** Problem requirements **
Nothing beyond the line containing "Foldable Neck Fan" is to be printed; print exactly each line from the start of the records below through that line, leaving out pictures.

Data items
== Segment start ==
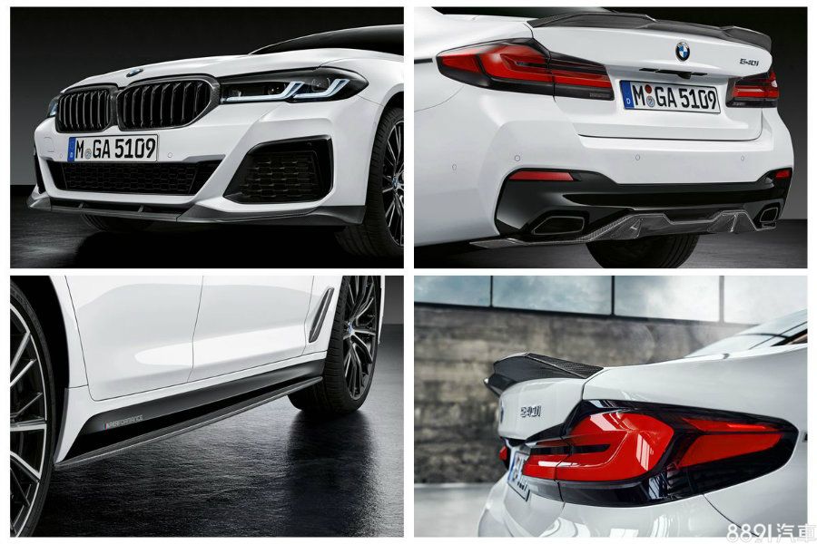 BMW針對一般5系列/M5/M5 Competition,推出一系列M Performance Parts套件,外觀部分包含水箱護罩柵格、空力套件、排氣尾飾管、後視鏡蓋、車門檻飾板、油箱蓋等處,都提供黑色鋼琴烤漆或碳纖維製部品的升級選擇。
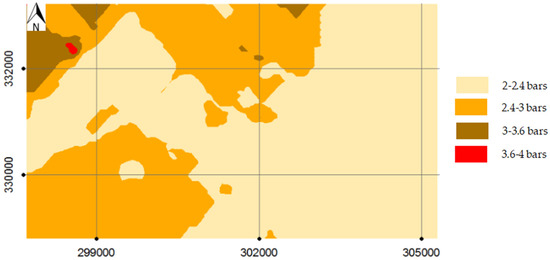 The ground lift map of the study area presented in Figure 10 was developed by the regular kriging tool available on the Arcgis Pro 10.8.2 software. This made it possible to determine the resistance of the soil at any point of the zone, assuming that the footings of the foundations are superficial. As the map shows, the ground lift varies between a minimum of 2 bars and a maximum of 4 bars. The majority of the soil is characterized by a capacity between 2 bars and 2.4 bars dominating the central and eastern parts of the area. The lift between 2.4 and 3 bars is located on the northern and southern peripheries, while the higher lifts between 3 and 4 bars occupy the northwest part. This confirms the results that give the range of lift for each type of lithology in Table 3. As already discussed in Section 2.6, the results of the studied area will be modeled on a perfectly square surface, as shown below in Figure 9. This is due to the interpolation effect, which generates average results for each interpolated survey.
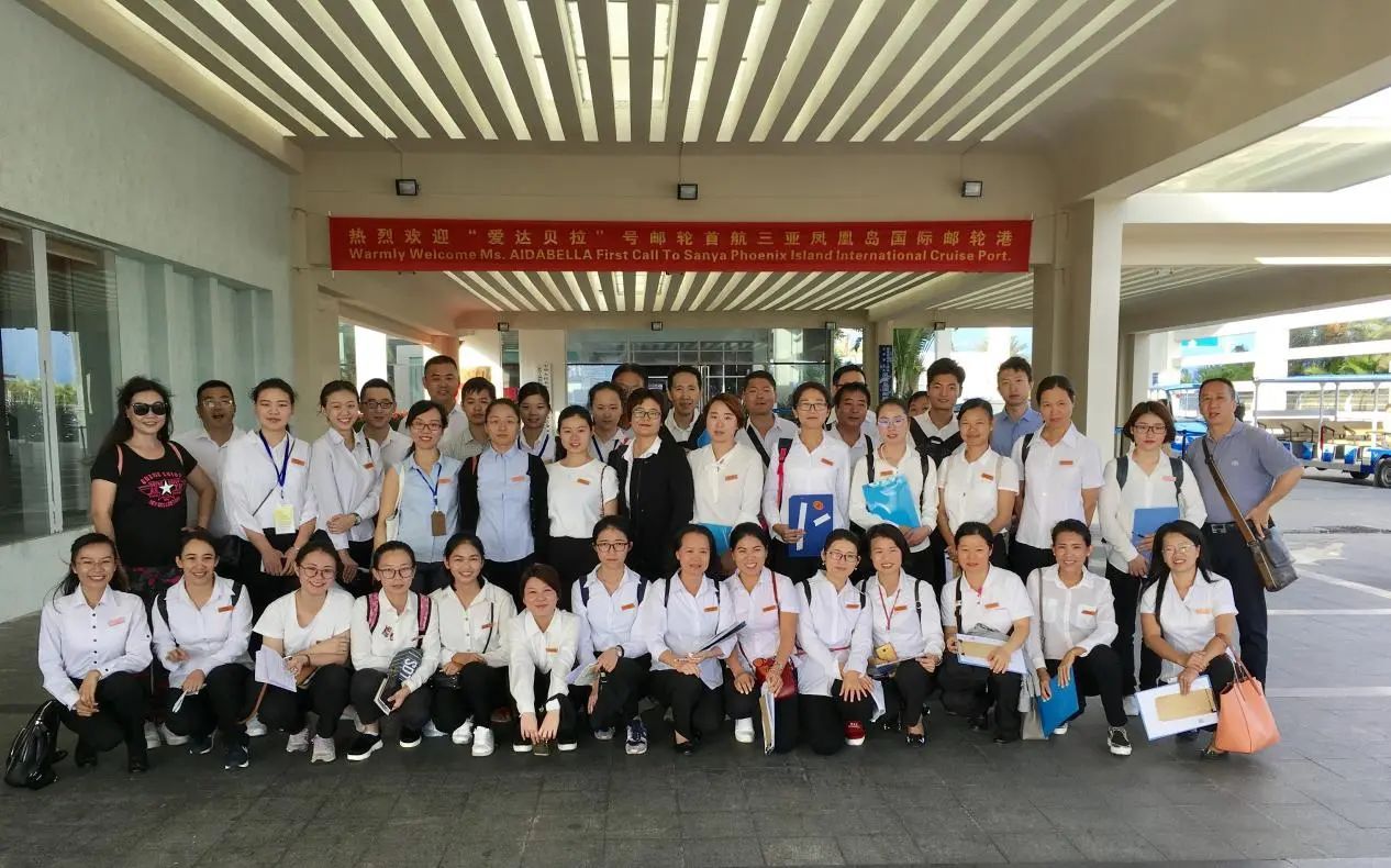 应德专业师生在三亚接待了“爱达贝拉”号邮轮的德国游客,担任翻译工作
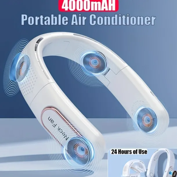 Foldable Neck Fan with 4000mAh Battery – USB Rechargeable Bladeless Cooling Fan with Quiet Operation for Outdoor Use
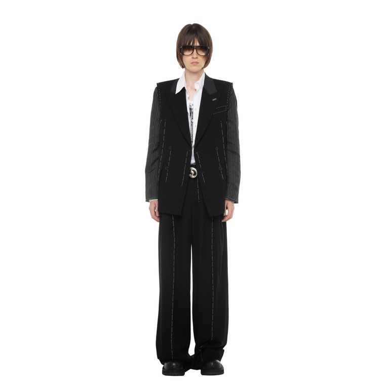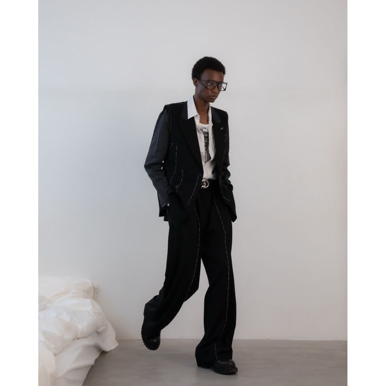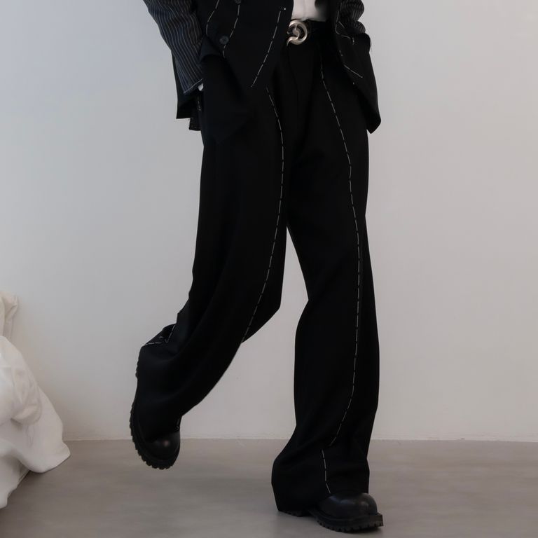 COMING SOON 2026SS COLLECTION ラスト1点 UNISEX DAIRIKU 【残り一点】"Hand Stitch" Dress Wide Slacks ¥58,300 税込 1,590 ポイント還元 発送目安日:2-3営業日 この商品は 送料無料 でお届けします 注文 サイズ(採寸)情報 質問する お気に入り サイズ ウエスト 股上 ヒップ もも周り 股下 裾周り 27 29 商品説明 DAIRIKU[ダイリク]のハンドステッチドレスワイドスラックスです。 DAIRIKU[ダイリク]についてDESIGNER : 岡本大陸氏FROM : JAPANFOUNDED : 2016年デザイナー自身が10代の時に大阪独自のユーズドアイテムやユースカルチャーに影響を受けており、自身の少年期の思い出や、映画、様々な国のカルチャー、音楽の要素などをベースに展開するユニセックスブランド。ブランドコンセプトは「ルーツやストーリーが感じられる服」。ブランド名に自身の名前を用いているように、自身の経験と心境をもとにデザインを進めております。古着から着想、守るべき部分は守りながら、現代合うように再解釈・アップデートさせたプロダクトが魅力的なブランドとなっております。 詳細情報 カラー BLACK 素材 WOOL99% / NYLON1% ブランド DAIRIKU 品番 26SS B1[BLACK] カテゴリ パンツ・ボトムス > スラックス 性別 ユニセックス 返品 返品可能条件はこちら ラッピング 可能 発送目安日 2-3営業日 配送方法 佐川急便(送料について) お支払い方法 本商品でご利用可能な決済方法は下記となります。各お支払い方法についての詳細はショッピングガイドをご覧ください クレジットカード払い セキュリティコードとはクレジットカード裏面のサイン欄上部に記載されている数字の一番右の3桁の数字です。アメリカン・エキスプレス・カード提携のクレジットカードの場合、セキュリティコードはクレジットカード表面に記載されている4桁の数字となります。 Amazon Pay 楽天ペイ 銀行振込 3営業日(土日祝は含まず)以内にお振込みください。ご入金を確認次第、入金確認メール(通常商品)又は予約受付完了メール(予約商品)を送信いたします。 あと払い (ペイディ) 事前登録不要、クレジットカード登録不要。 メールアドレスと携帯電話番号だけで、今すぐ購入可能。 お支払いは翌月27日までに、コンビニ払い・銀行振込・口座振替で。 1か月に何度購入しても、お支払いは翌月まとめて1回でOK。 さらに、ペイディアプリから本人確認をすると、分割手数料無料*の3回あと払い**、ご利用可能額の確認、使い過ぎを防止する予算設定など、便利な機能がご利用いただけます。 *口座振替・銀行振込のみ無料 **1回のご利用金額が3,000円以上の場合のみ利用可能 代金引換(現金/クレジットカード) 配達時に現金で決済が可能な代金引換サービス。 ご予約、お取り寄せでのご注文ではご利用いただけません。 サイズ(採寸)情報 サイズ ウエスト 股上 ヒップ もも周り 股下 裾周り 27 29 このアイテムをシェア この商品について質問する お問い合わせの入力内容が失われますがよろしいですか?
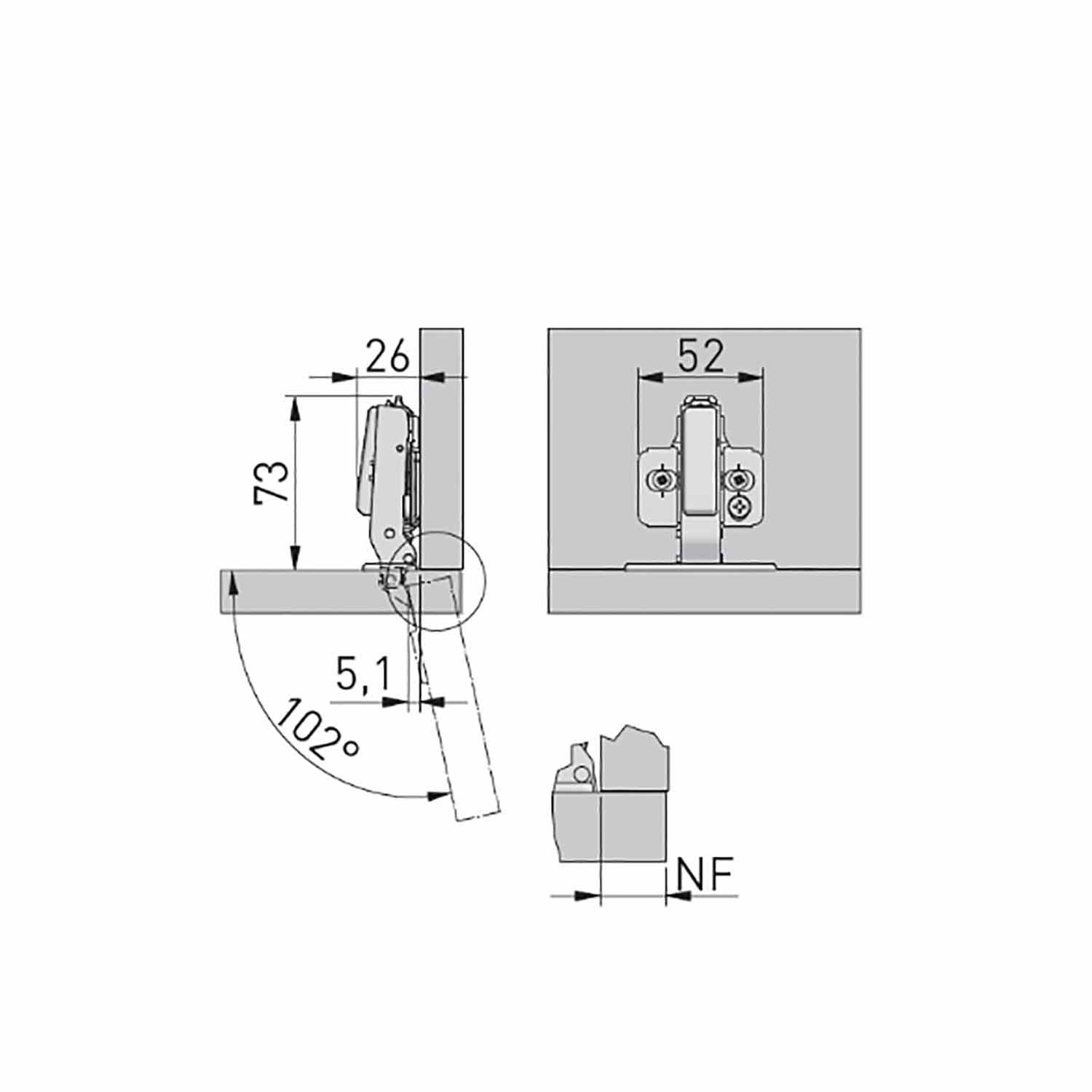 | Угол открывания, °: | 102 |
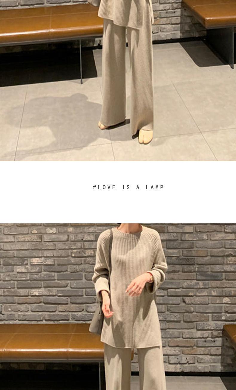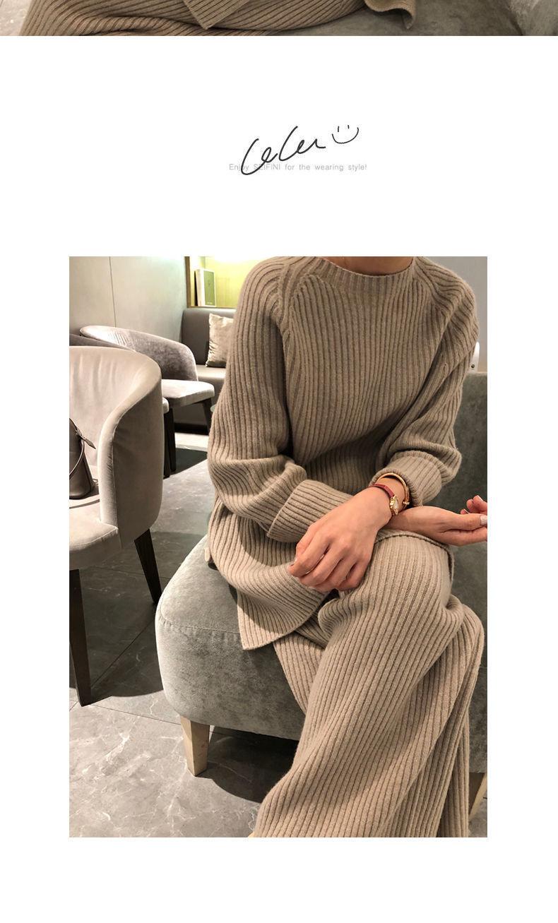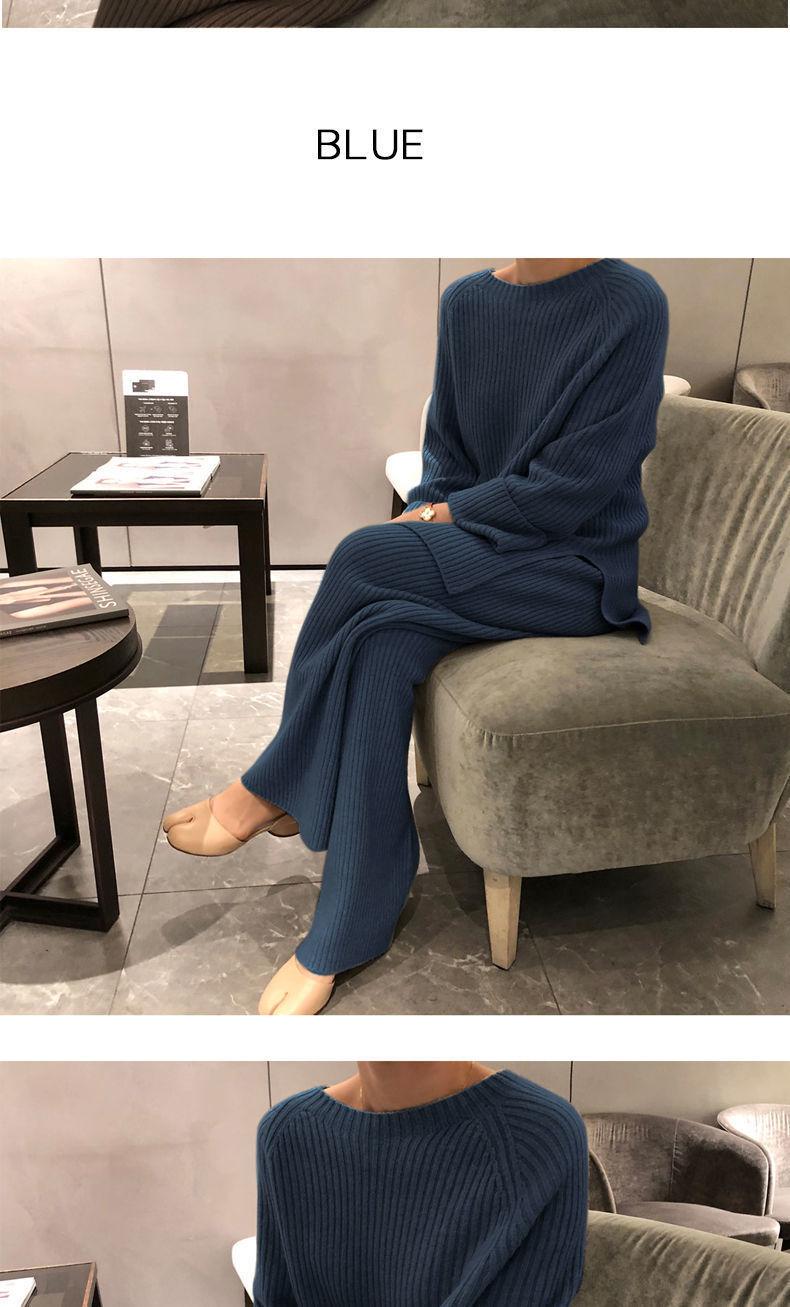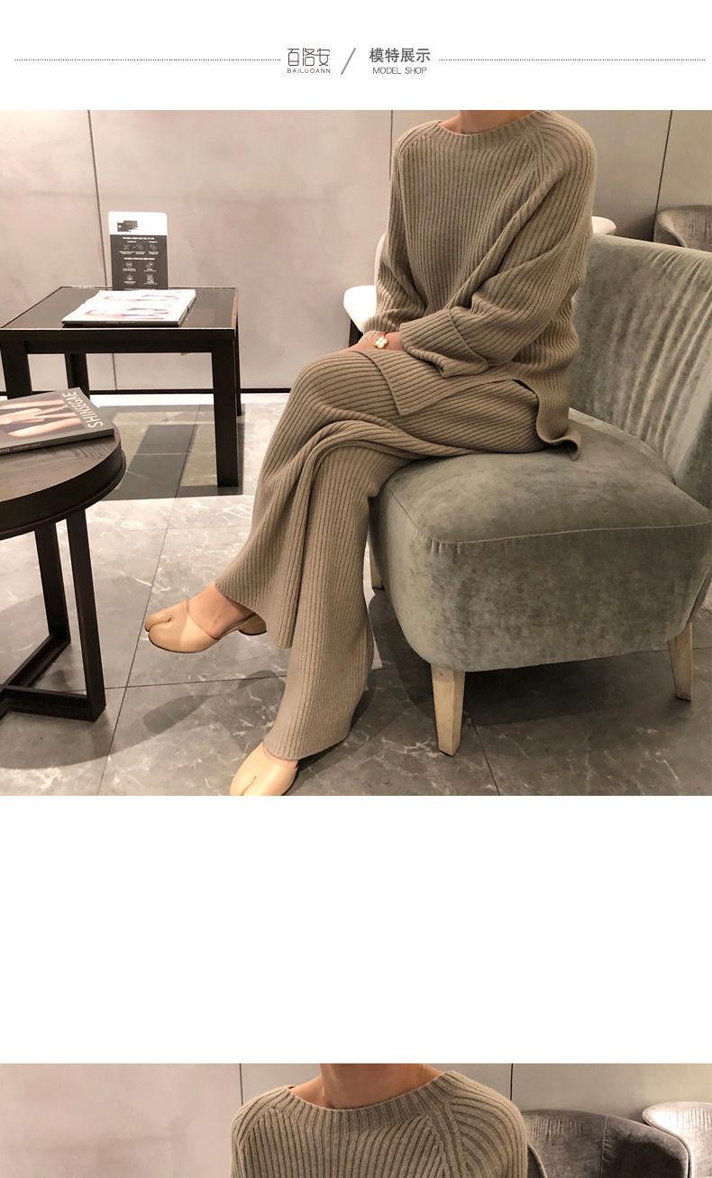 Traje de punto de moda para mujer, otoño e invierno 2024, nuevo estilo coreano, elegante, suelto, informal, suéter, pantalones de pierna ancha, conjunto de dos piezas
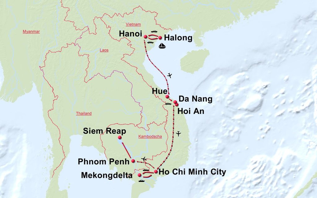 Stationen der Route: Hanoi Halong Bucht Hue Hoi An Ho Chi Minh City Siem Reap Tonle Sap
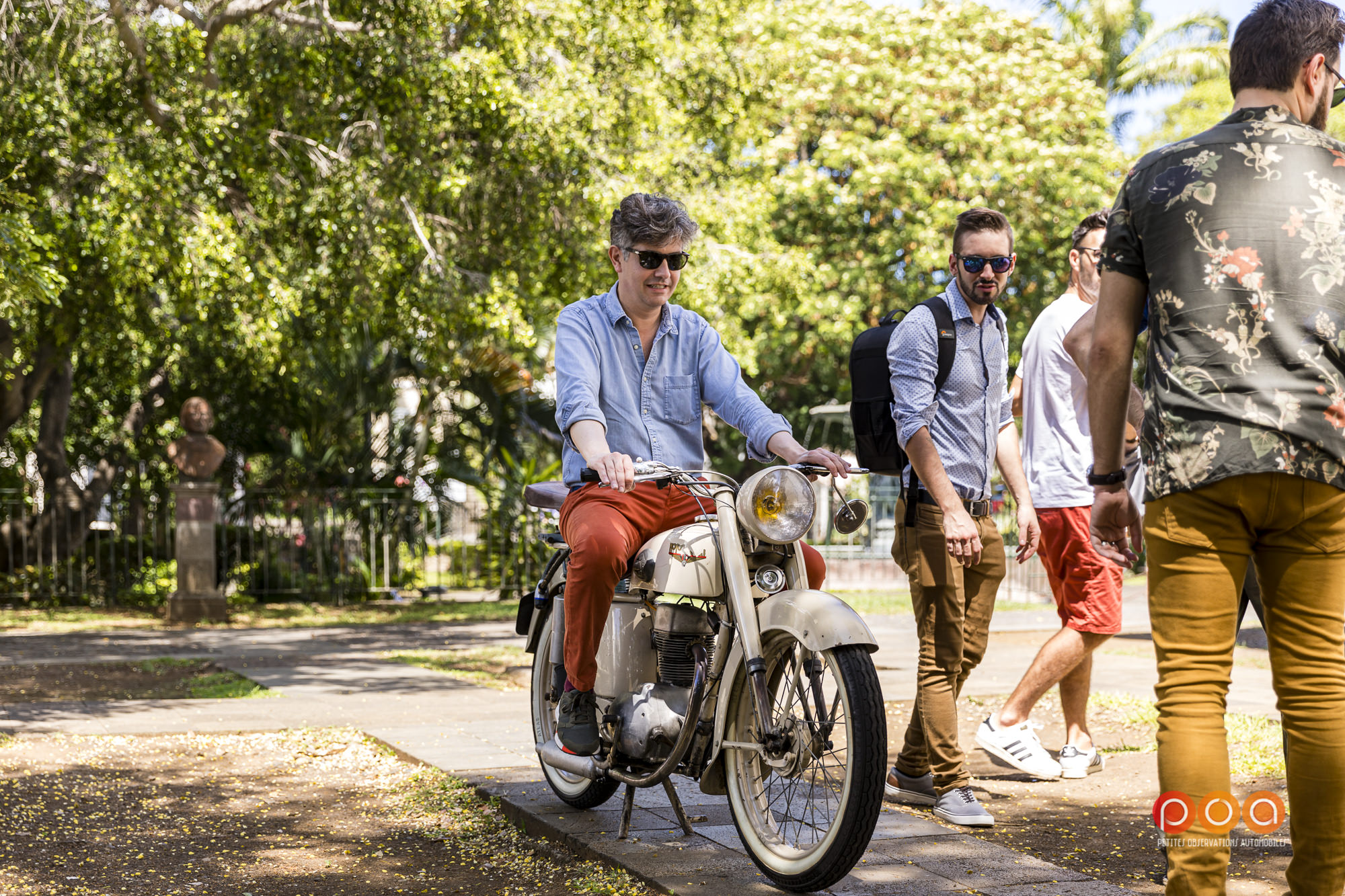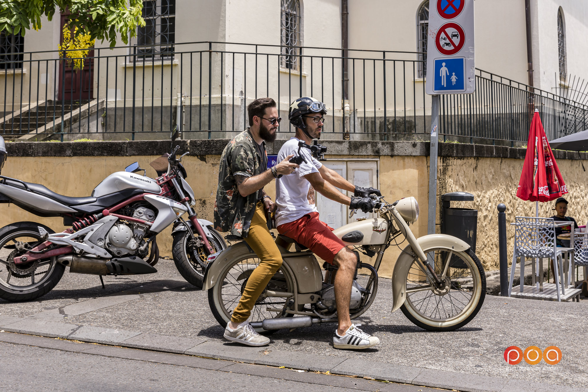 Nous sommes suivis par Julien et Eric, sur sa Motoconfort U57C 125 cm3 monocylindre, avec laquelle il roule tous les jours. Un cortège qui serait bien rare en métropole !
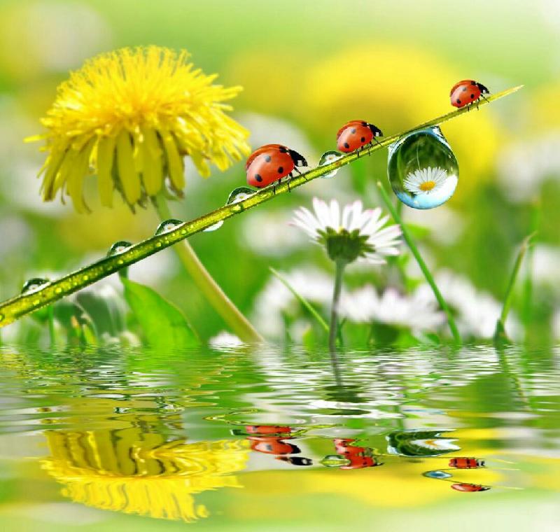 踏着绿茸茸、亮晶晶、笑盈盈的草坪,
== Segment end ==
** Answer to this exercise **
 BMW針對一般5系列/M5/M5 Competition,推出一系列M Performance Parts套件,外觀部分包含水箱護罩柵格、空力套件、排氣尾飾管、後視鏡蓋、車門檻飾板、油箱蓋等處,都提供黑色鋼琴烤漆或碳纖維製部品的升級選擇。
 The ground lift map of the study area presented in Figure 10 was developed by the regular kriging tool available on the Arcgis Pro 10.8.2 software. This made it possible to determine the resistance of the soil at any point of the zone, assuming that the footings of the foundations are superficial. As the map shows, the ground lift varies between a minimum of 2 bars and a maximum of 4 bars. The majority of the soil is characterized by a capacity between 2 bars and 2.4 bars dominating the central and eastern parts of the area. The lift between 2.4 and 3 bars is located on the northern and southern peripheries, while the higher lifts between 3 and 4 bars occupy the northwest part. This confirms the results that give the range of lift for each type of lithology in Table 3. As already discussed in Section 2.6, the results of the studied area will be modeled on a perfectly square surface, as shown below in Figure 9. This is due to the interpolation effect, which generates average results for each interpolated survey.
 应德专业师生在三亚接待了“爱达贝拉”号邮轮的德国游客,担任翻译工作
 Foldable Neck Fan with 4000mAh Battery – USB Rechargeable Bladeless Cooling Fan with Quiet Operation for Outdoor Use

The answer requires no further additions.